## ABOUT THIS TASK
In the records below, find the line with "formou bufetu studených" and repeat exactly every line from it through the line with "قلت: لم يَعْنِ". Pictures stay out.

## AVAILABLE RECORDS
== == ==
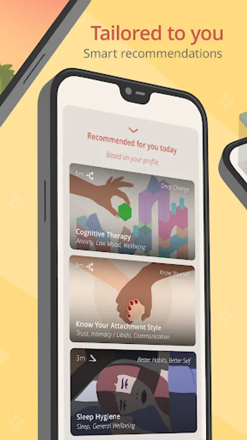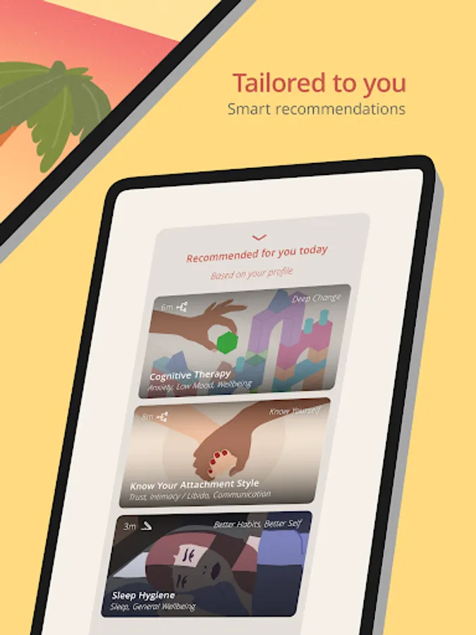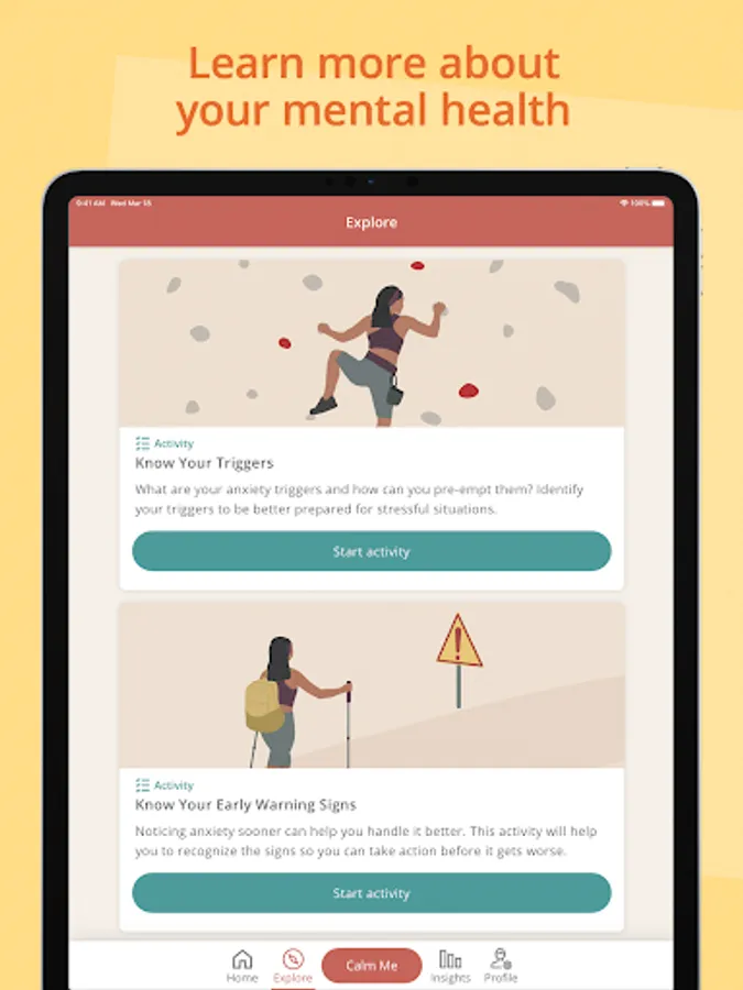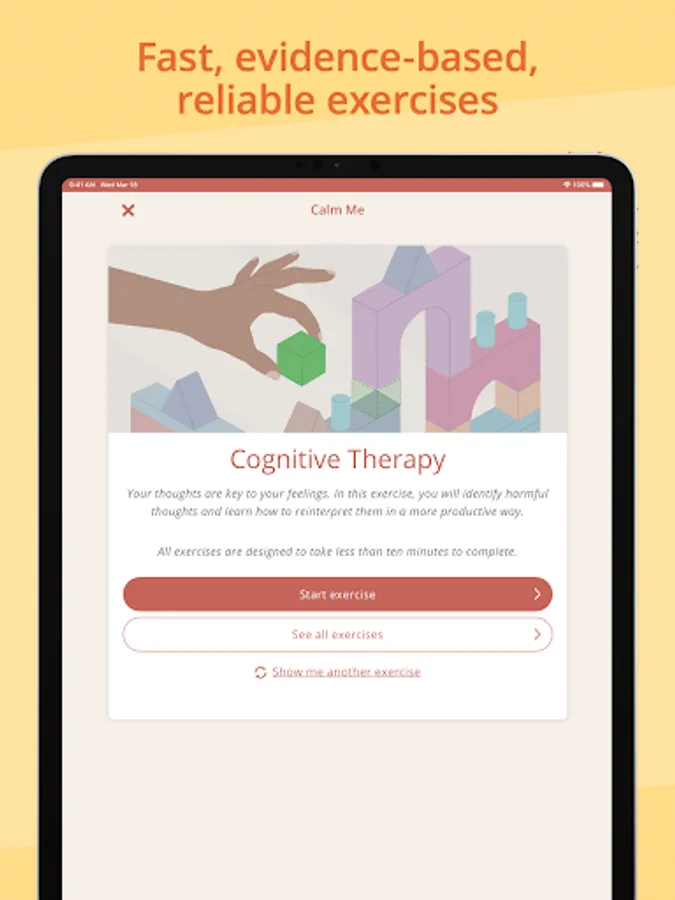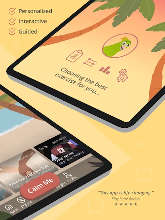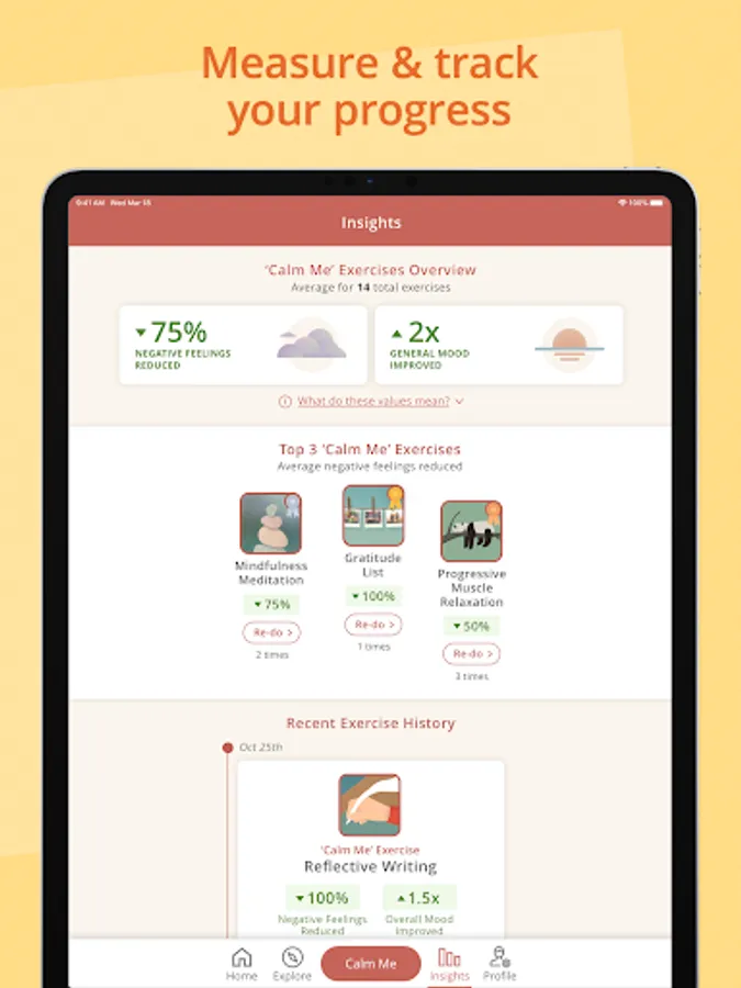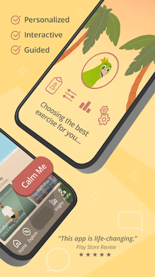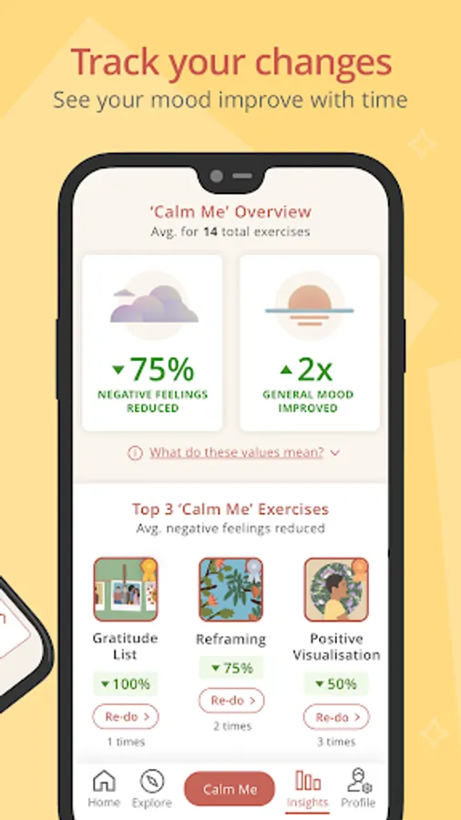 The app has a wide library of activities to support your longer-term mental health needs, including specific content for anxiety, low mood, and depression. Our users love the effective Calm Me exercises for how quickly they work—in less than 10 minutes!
== == ==
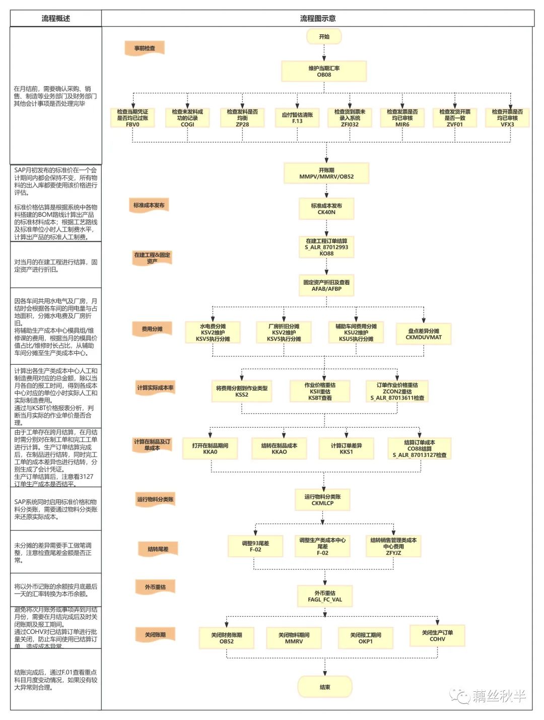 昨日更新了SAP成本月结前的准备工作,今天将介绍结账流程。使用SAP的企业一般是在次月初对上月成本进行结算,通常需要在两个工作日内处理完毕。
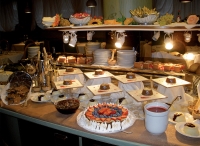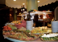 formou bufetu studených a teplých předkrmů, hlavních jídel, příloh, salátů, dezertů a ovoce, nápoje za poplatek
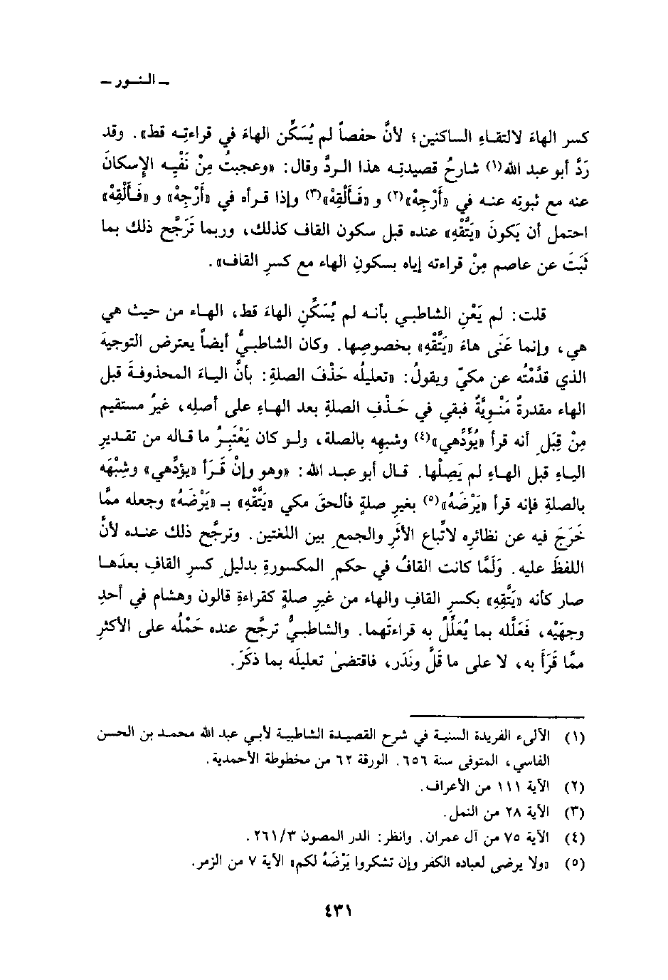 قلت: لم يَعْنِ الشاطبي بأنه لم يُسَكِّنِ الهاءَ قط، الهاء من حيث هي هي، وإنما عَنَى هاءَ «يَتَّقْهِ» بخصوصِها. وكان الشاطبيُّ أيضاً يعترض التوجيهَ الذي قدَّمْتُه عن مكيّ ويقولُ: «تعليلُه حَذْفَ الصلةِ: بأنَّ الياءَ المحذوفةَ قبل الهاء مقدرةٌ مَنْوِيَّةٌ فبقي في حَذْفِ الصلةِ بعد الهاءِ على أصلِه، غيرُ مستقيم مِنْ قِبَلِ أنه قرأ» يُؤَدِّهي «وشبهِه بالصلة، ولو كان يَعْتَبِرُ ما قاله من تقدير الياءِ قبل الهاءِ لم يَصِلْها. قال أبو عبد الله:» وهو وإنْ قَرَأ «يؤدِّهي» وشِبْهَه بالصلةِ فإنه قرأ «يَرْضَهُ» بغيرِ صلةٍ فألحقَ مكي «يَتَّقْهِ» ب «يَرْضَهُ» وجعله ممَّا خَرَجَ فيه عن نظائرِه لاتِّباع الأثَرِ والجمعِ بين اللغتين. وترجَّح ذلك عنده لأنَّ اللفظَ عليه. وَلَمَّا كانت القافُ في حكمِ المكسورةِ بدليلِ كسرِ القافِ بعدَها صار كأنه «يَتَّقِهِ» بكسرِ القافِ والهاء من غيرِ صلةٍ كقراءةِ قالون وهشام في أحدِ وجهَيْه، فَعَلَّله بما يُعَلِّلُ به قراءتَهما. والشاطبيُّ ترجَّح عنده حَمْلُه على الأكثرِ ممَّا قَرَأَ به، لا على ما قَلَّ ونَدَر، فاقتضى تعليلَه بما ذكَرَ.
== == ==
## ANSWER TO THIS EXERCISE
 formou bufetu studených a teplých předkrmů, hlavních jídel, příloh, salátů, dezertů a ovoce, nápoje za poplatek
 قلت: لم يَعْنِ الشاطبي بأنه لم يُسَكِّنِ الهاءَ قط، الهاء من حيث هي هي، وإنما عَنَى هاءَ «يَتَّقْهِ» بخصوصِها. وكان الشاطبيُّ أيضاً يعترض التوجيهَ الذي قدَّمْتُه عن مكيّ ويقولُ: «تعليلُه حَذْفَ الصلةِ: بأنَّ الياءَ المحذوفةَ قبل الهاء مقدرةٌ مَنْوِيَّةٌ فبقي في حَذْفِ الصلةِ بعد الهاءِ على أصلِه، غيرُ مستقيم مِنْ قِبَلِ أنه قرأ» يُؤَدِّهي «وشبهِه بالصلة، ولو كان يَعْتَبِرُ ما قاله من تقدير الياءِ قبل الهاءِ لم يَصِلْها. قال أبو عبد الله:» وهو وإنْ قَرَأ «يؤدِّهي» وشِبْهَه بالصلةِ فإنه قرأ «يَرْضَهُ» بغيرِ صلةٍ فألحقَ مكي «يَتَّقْهِ» ب «يَرْضَهُ» وجعله ممَّا خَرَجَ فيه عن نظائرِه لاتِّباع الأثَرِ والجمعِ بين اللغتين. وترجَّح ذلك عنده لأنَّ اللفظَ عليه. وَلَمَّا كانت القافُ في حكمِ المكسورةِ بدليلِ كسرِ القافِ بعدَها صار كأنه «يَتَّقِهِ» بكسرِ القافِ والهاء من غيرِ صلةٍ كقراءةِ قالون وهشام في أحدِ وجهَيْه، فَعَلَّله بما يُعَلِّلُ به قراءتَهما. والشاطبيُّ ترجَّح عنده حَمْلُه على الأكثرِ ممَّا قَرَأَ به، لا على ما قَلَّ ونَدَر، فاقتضى تعليلَه بما ذكَرَ.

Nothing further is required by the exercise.